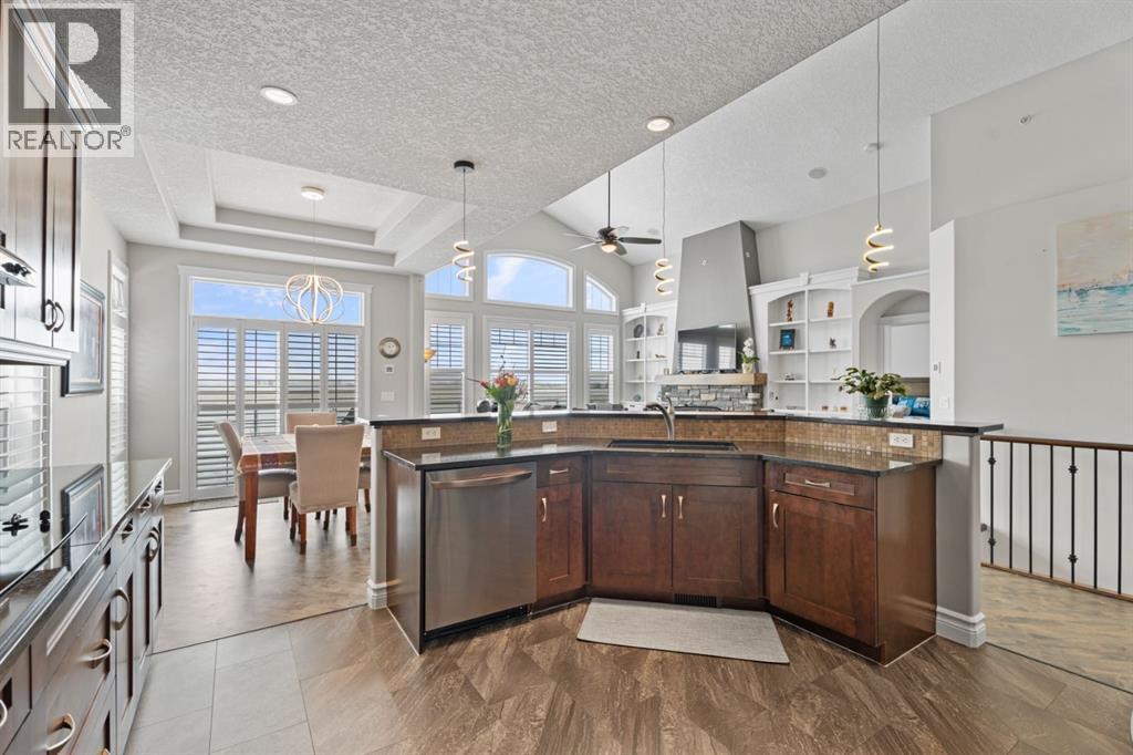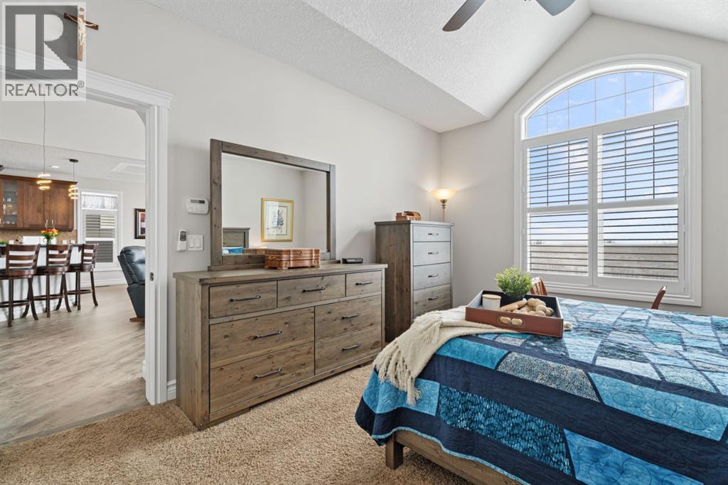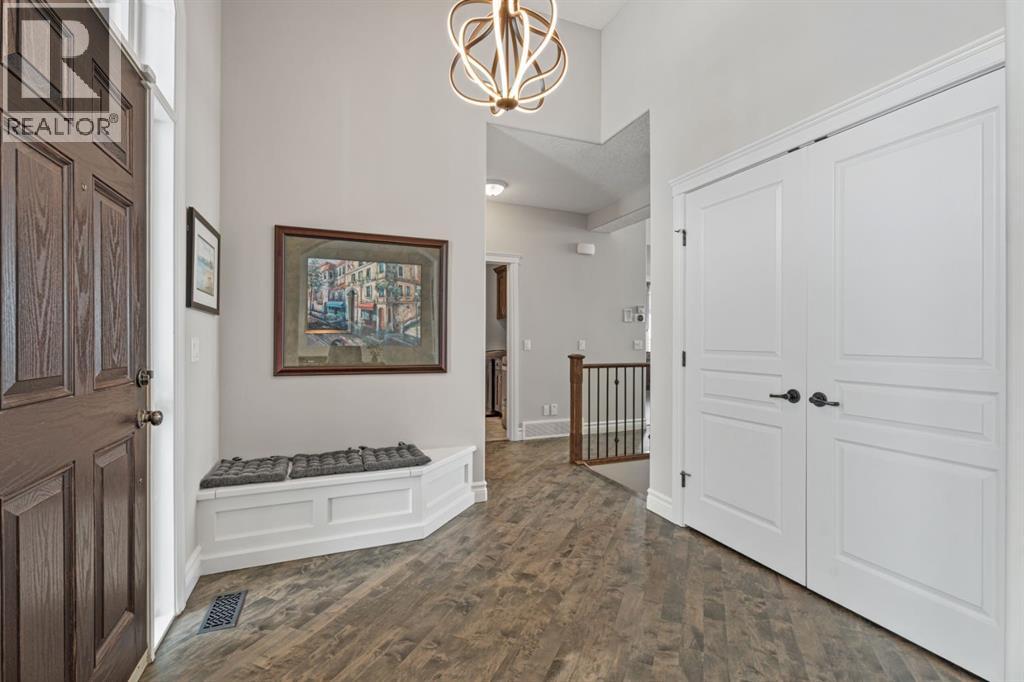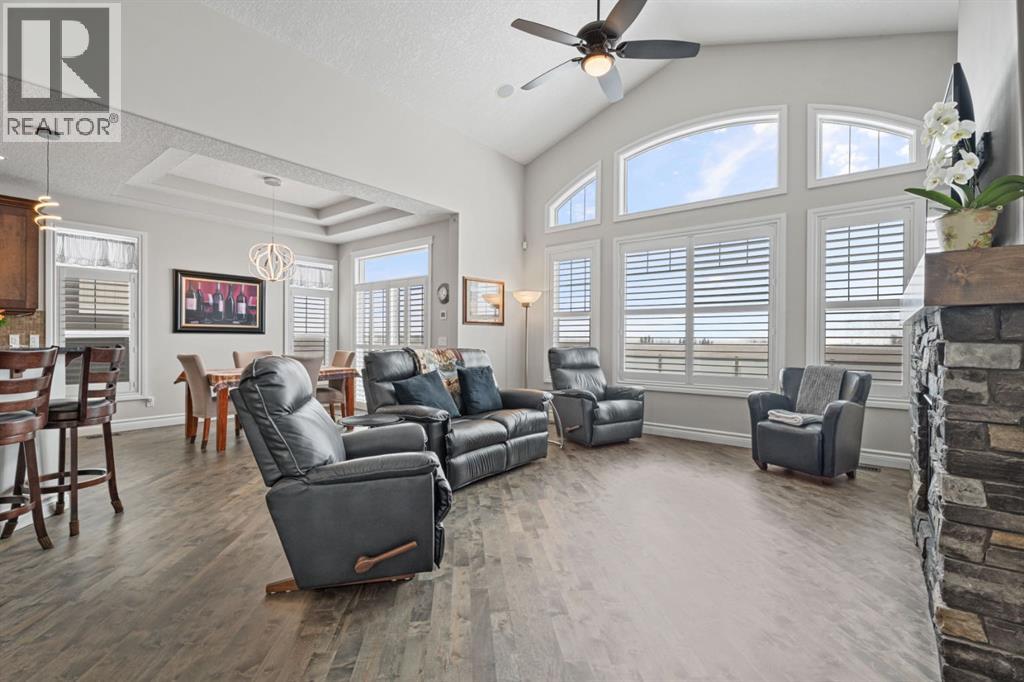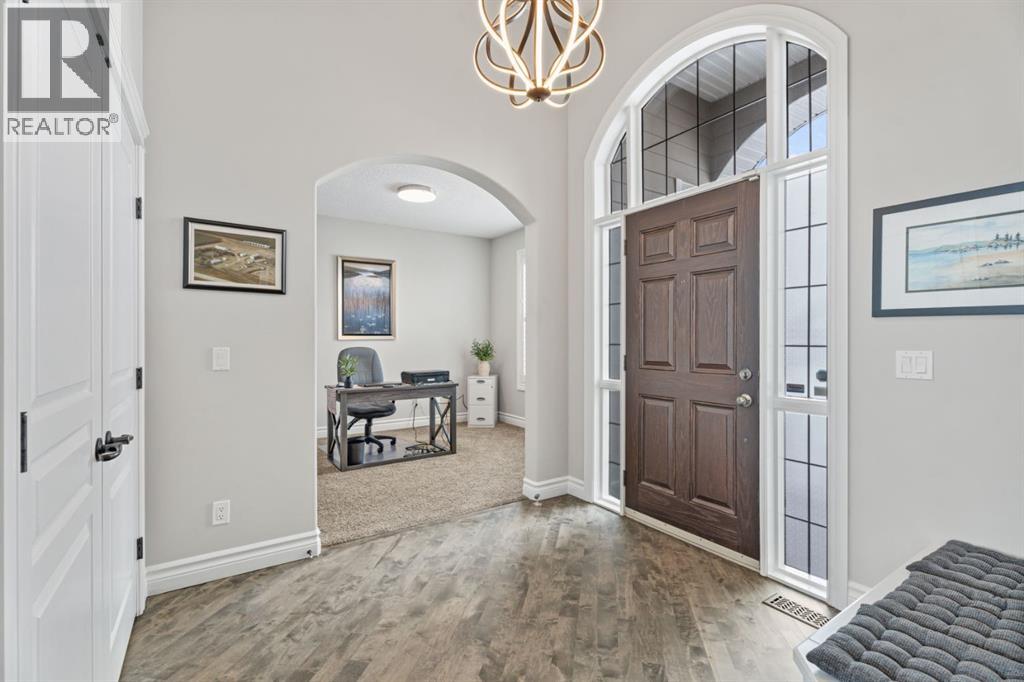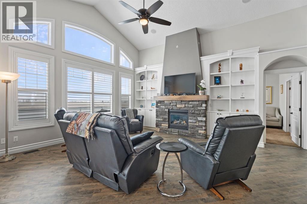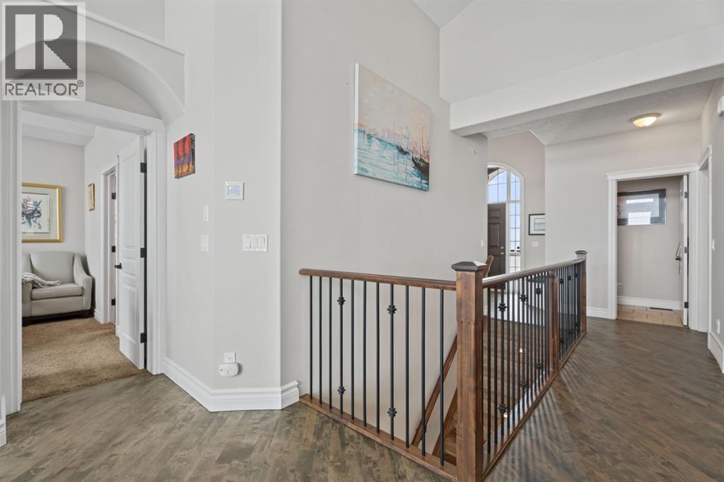 Welcome to golf course living and this beautiful well maintained walk out bungalow in the country. As you step inside, you will marvel at the large foyer and open floor plan, vaulted ceilings, refurbished hardwood floors and upgraded luxury vinyl tile in the kitchen and pantry. Take in the abundance of natural light from the large living room and pocket windows in the kitchen. This open and cozy upper main level offers so much space, including a comfortable office/den, large kitchen with granite counters and breakfast bar, walk through pantry with pocket doors and main floor laundry, extended cabinets, built in storage benches and under cabinet lighting. The feature fireplace offers warmth and ambience for those cold winter nights. Enjoy the oversized garage, extra wide driveway, work bench and tool wall for working on various projects with plenty of shelving for storage. Enjoy the pristine view of wildlife and golfers off of the large deck and invite neighbours, family and friends to join you on the aggregate patio below. The front and backyard are fully landscaped and an automatic underground sprinkler system is in place. This community is 30 minutes from Calgary, 20 minutes to Chestermere and 20 minutes from Strathmore. Enjoy time on the 18 Hole Golf Course, a secure RV Storage lot exclusive to Lakes of Muirfield Residents and the natural landscapes of country living and wildlife backing onto the canal! Book your showing today with your favourite REALTOR®. (id:51989)
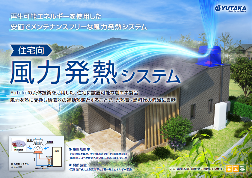 本開発品は、再生可能エネルギーである「風力」を直接熱に変換し、住宅に設置して暖房や給湯に利用することができる創エネ製品です。
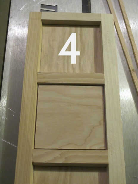 (Imagen 4) Encolar y sujetar el panel en su lugar. Una vez seco le puede entonces uso el otro 1/4 de pulgada piezas se corta para formar un borde alrededor del panel (Foto 5). Si usted es un selector de nit como yo, tendrás las tiras laterales para ser más largo que las dos tiras cruzadas como se trata de cómo son en el apoyo real.
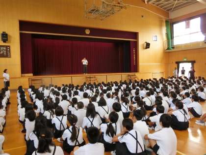 8月25日(金)始業式で子ども達の元気な顔を見ることができてホッとしました。教室では宿題や自由研究を集めたり、夏の思い出を発表したりしていました。
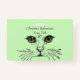 This name or identification badge is light green on the front and back with a black drawing of a pretty cat face with whiskers and bright green eyes. Customise your name and information with the templates.
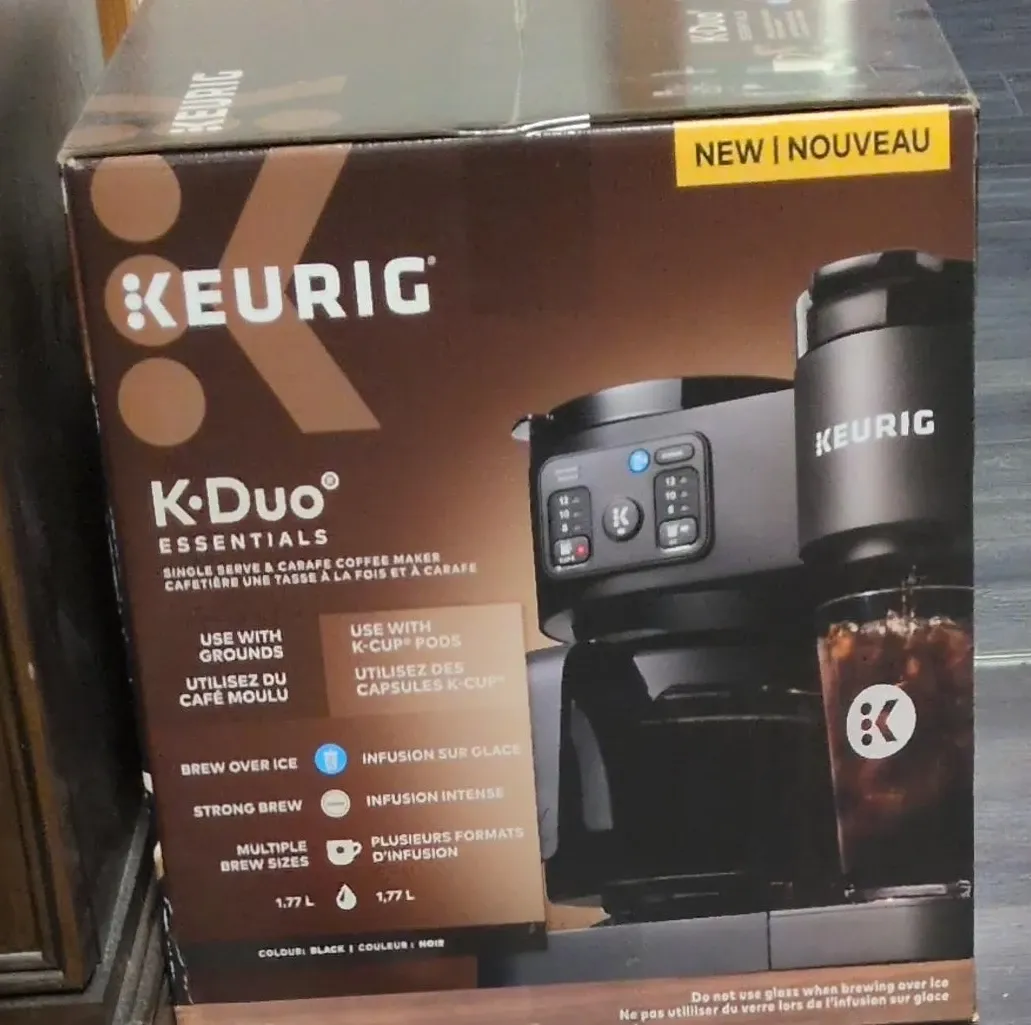 Selling a brand new Keurig K-Duo Essentials coffee maker in black! It's a single serve and carafe coffee maker, so you can brew a single cup or a whole carafe. It can be used with grounds or K-Cup pods. Brew over ice or make a strong brew, and choose from multiple brew sizes. Each reservoir holds 1.77 L. Box included!
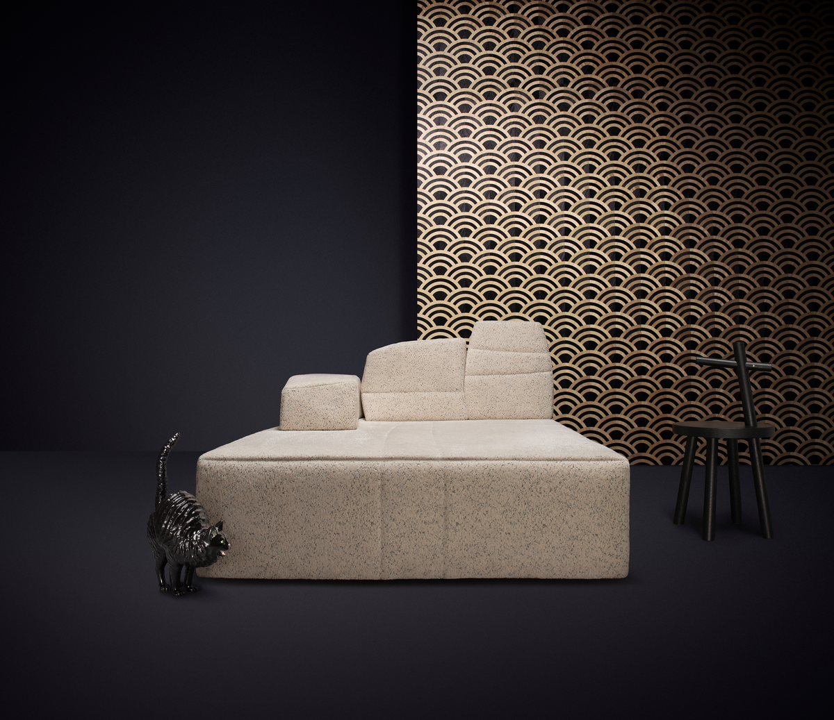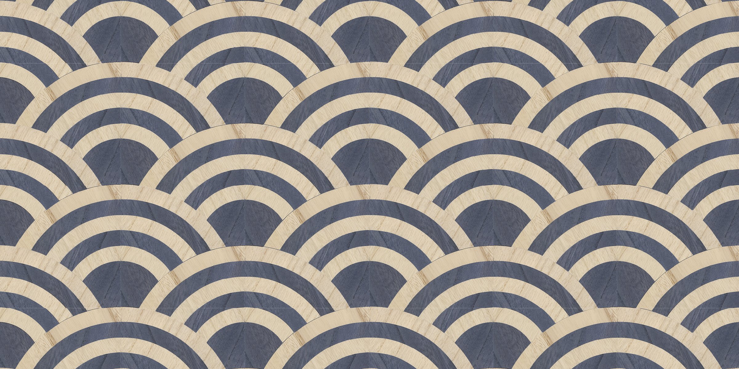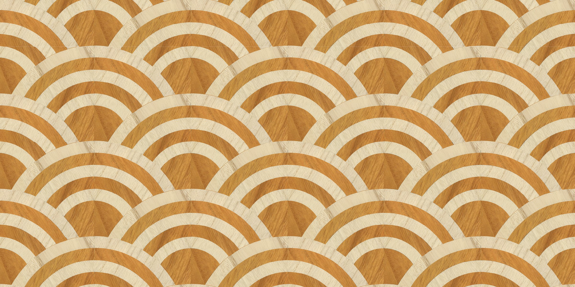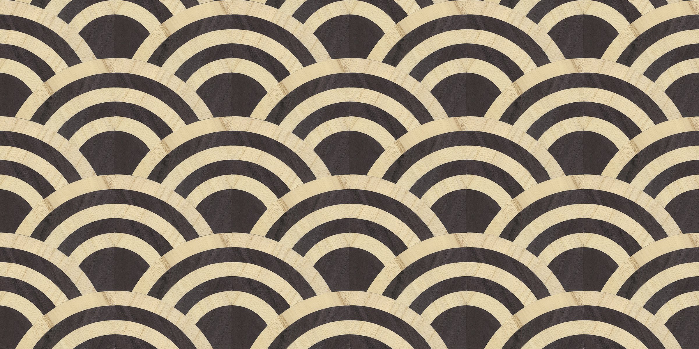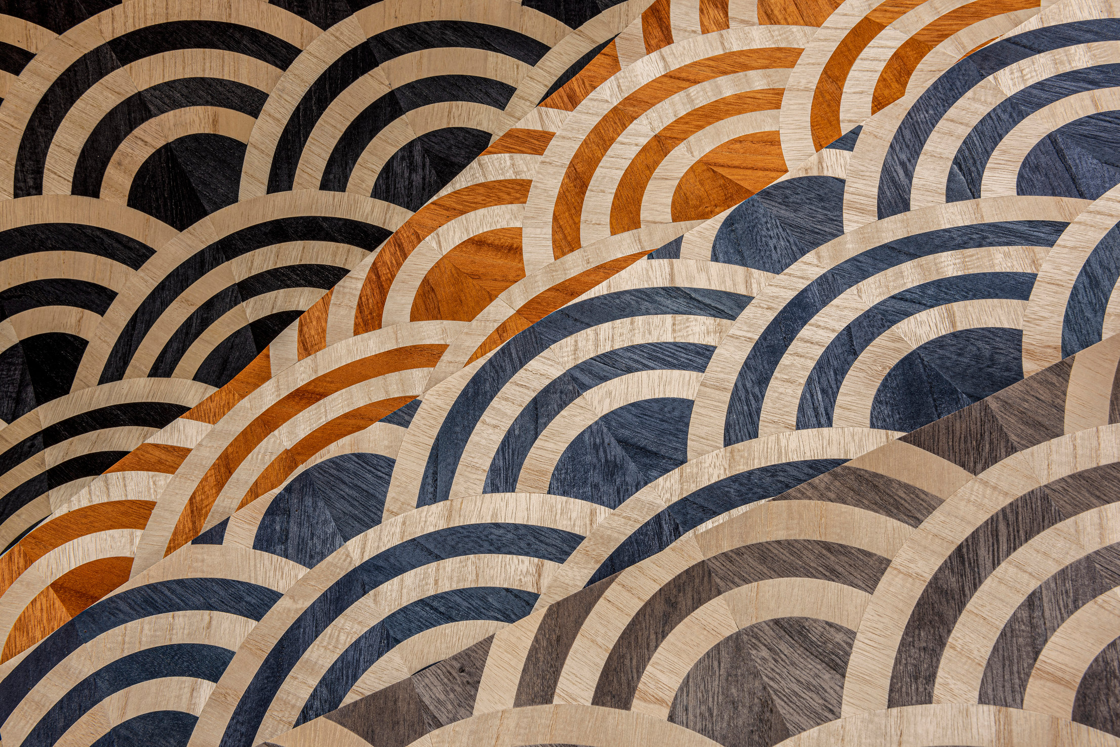 Overlapping O’s, created of wood veneer marquetry inlay, resemble the rolling waves of the ocean. The unique wallcovering’s ancient Seigaiha pattern symbolising waves of water represents good luck, power, and resilience.
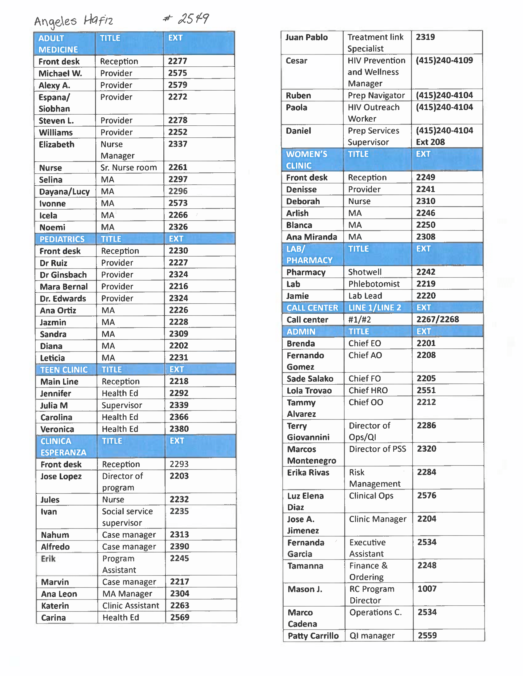 Please request an updated phone list from your department for accurate information.
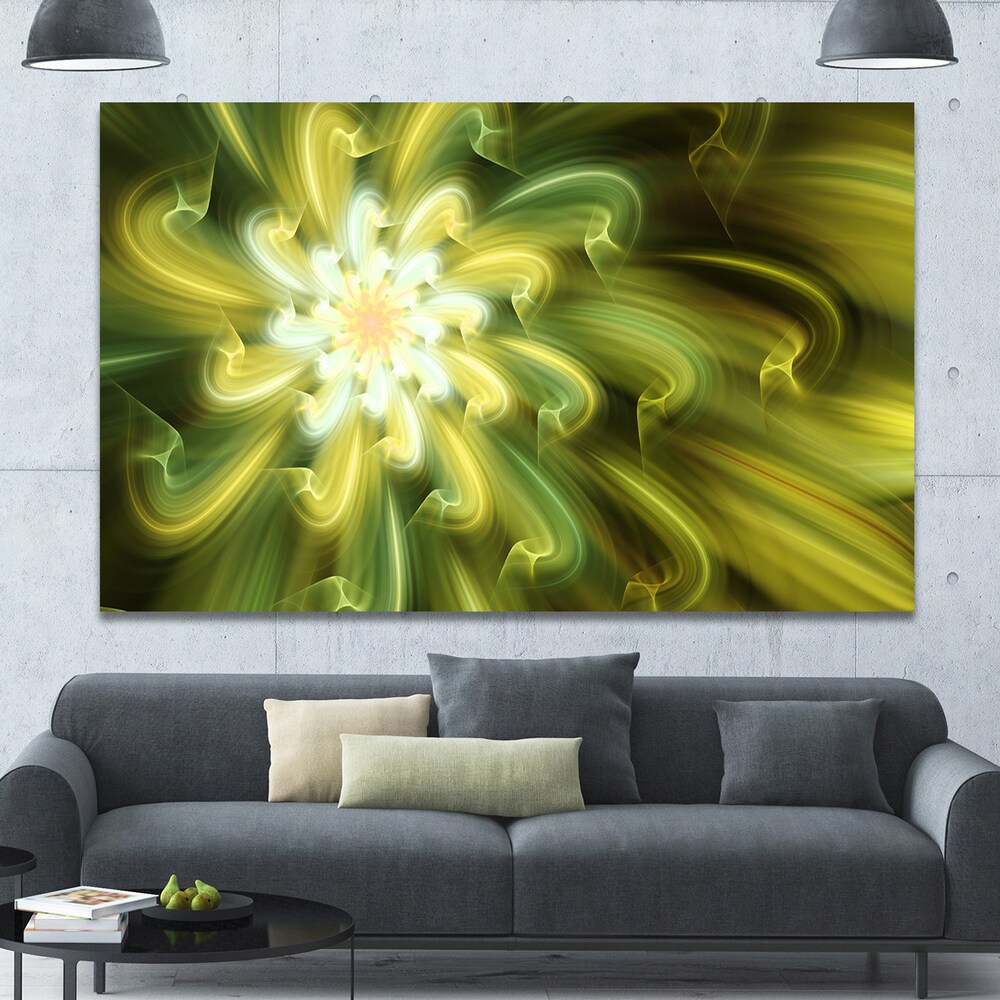 Designart "Dance of Yellow Fractal Petals" Extra Large Floral Wall Art on Canvas

Exercise objective: Starting at the line with "Overlapping O’s, created", write out every line exactly through the final line of the records above, both included, and skip the pictures.

Task answer:
 Overlapping O’s, created of wood veneer marquetry inlay, resemble the rolling waves of the ocean. The unique wallcovering’s ancient Seigaiha pattern symbolising waves of water represents good luck, power, and resilience.
 Please request an updated phone list from your department for accurate information.
 Designart "Dance of Yellow Fractal Petals" Extra Large Floral Wall Art on Canvas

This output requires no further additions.